À Kinkonzi, la maison de Donatien, construite en adobes et couverte de tôles rouillées, se situe en retrait du village, aux abords de la rivière où il a monté son micro-barrage. Les chutes d’eau rythment la vie de sa maisonnée. Sur une pancarte à l'entrée, on peut lire le mot "barage" écrit avec une faute par Donatien. Il ne s'est jamais assis sur un banc d'école. "Lorsque je parcourais la rivière Lumbu, j’ai découvert qu’à ce niveau surélevé l’intensité de l’eau était forte. J’ai eu comme une vision. Avec le fruit de la vente de mes noix de palme, j’ai acheté du ciment qui m’a permis, pendant la période d’étiage, de construire un mur pour barrer l’eau", explique-t-il à ses visiteurs.

De bric et de broc

Ce matin d’avril, assis torse nu sur une chaise, il écoute la musique et contemple l’ouvrage bâti de ses mains. Il explique comment il a pu aménager un canal, fabriquer une vanne à l’aide d’une petite tôle, qui régule le débit de l’eau. Le tout conduit à une turbine de fortune placée en contrebas. À l’aide de l'axe de transmission d’un vieux véhicule connecté à un induit et d'une poulie récupérée sur un groupe électrogène de 2 Kva, le barrage de Donatien peut ainsi fournir du courant.

Pour rentabiliser son invention, il a commencé à utiliser l’énergie produite par le petit barrage pour faire fonctionner, à tour de rôle une foreuse, une meuleuse, un moulin à manioc, un concasseur de noix de palme. Des machines qu’il a lui-même fabriquées. Pour jongler d’un appareil à l’autre ou alimenter sa maison en électricité, il sait parfaitement régler la puissance du barrage. "Quand je veux éclairer ma maison, je soulève prudemment la tôle pour avoir 220 volts. Au-delà, toutes les ampoules éclatent", explique-t-il. Pour les autres machines, il augmente le voltage.

Partager l’électricité

Avec les moyens du bord, Donatien est en train de monter une nouvelle turbine. Il désire augmenter la capacité de son barrage pour alimenter tout le village, notamment l’hôpital général de référence de Kinkonzi. Soucieux du développement de sa contrée, l’ingénieur avait organisé, en 2008, une collecte de fonds dans le village pour permettre à ce projet d'aboutir, mais l’argent a été détourné. Cela ne l’a pas découragé. "C’est Dieu qui m’a donné ce don. Je dois le mettre au profit de tout le monde. Il ne faut plus que les gens parcourent des dizaines de kilomètres pour aller moudre leur café…", clame-t-il.

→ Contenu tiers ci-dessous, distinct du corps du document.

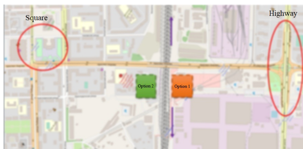
Figure 2: TPU placement options

To solve the problem of finding the optimal location, two possible options for the location of the TIH were selected. The first option for the location of the TIH was the option designed by the administration of the city district of Samara. In accordance with the plan, the TIH is planned to be located on the site of the existing market trade facility and next to the TIH station. With this location of the TIH and its construction, it will be necessary to demolish the Kirovsky market with its reconstruction and the organization of a suburban bus station. The strengths of this offer are the possibility of building a large intercept parking lot, the active use of a metro station, and the location within walking distance of one of the main highways. The options for placing the TPU are shown in Figure 2.

Le vieux génie manque hélas cruellement de moyens. La ferraille, qui constitue son matériau de base, se fait rare dans la région, depuis que des investisseurs asiatiques la rachètent pour l'exporter. "Avec le peu de moyens dont je dispose, je ne peux pas acheter des accessoires dans un magasin pour faire tourner ce barrage. Dommage que je ne sois pas soutenu", regrette-t-il.

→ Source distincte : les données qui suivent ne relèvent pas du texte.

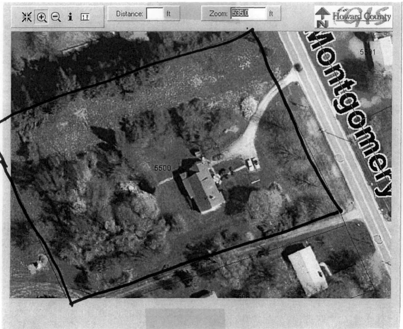
Spence House (HO-863) 5500 Montgomery Road, Ellicott City Howard County Site Plan/Aerial Photo

Pour que son travail se poursuive, il forme ses deux enfants et deux autres jeunes du village. "Je partirai demain, eux doivent continuer cette œuvre", affirme-t-il, très déterminé. Son ambition est d’alimenter en courant électrique tout le territoire de Tshela, vaste de plus de 3 000 km², avant de tirer définitivement révérence.